In line with expectations the Fed said it would begin in October to cut its
roughly $4.2 trillion in U.S. Treasury bonds and mortgage-backed
securities holdings by initially cutting up to $10 billion each month from the amount of maturing
securities it reinvests.
Financial stocks jumped after the statement as U.S. Treasury
yields rose on the
prospect of higher rates while utilities took a fall on concerns that
the defensive sector would look less attractive as rates climb.
While some investors said the Fed’s tone was more hawkish than
expected others were happy Fed Chair Janet Yellen reiterated her stance that balance sheet reduction would
be data dependent.
“The most important thing Yellen needed to communicate to the
market was that the bond sale plan and rate increases are not on autopilot,”
said Jason Pride, director of investment strategy at Glenmede in Philadelphia. After the statement traders were betting on a
roughly 67 percent chance
of a December hike, compared with 51 percent minutes before, according
to the CME Group’s FedWatch tool. “Keeping
rate hikes where they were was expected. What wasn’t known was the tone. The
market reaction is interpreting the Fed as slightly hawkish but not too much,”

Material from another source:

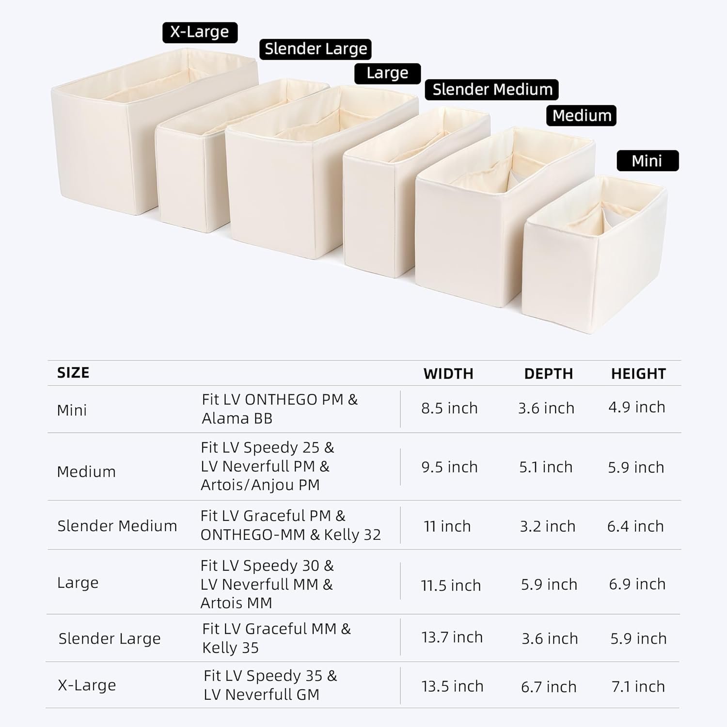 Six sizes to fit most elegant handbags—one organizer for multiple bags.Change your purse in a second without rearranging the stuffs of your purse, allowing you go out early in the busy morning. Mini:8.5 x 3.6 x 4.9、Medium(M):9.5 x 5.1 x 5.9、Slender Medium(SM):11 x 3.2 x 6.4、Large(L):11.5 x 5.9 x 6.9 、Slender Large(SL):13.7 x 3.6 x 5.9、X-Large(XL):13.5 x 6.7 x 7.22.Unit:inch.

said Victor Jones, director of trading at TD Ameritrade in Chicago.
The Dow Jones Industrial
Average .DJI rose 41.79 points, or 0.19 percent to
end at 22,412.59, its seventh straight record close. The S&P 500 .SPX gained 1.59 points, or 0.06 percent, to
2,508.24, clocking its sixth record closing high in the last seven sessions.
The Nasdaq Composite .IXIC dropped 5.28 points, or 0.08 percent, to
6,456.04, with Apple Inc (AAPL.O) as its biggest drag.
The S&P’s financial .SPSY sector ended 0.6 percent higher as banks benefit
from higher rates. The sector has risen in eight of the last nine
sessions and has clocked a 6.7 percent gain in that time as investors
anticipated the Fed meeting.
The consumer staples sector .SPLRCS fell 0.9 percent while the
utilities sector .SPLRCU ended 0.8 percent lower.
Shares of Apple fell 1.7 percent after it admitted its latest
smartwatch has connectivity problems.
Advancing issues outnumbered declining ones on the NYSE by a
1.26-to-1 ratio; on Nasdaq, a 1.30-to-1 ratio favored advancers.
Roughly 6.7
billion shares changed hands on U.S. exchanges compared with the 6
billion average for the last 20 sessions.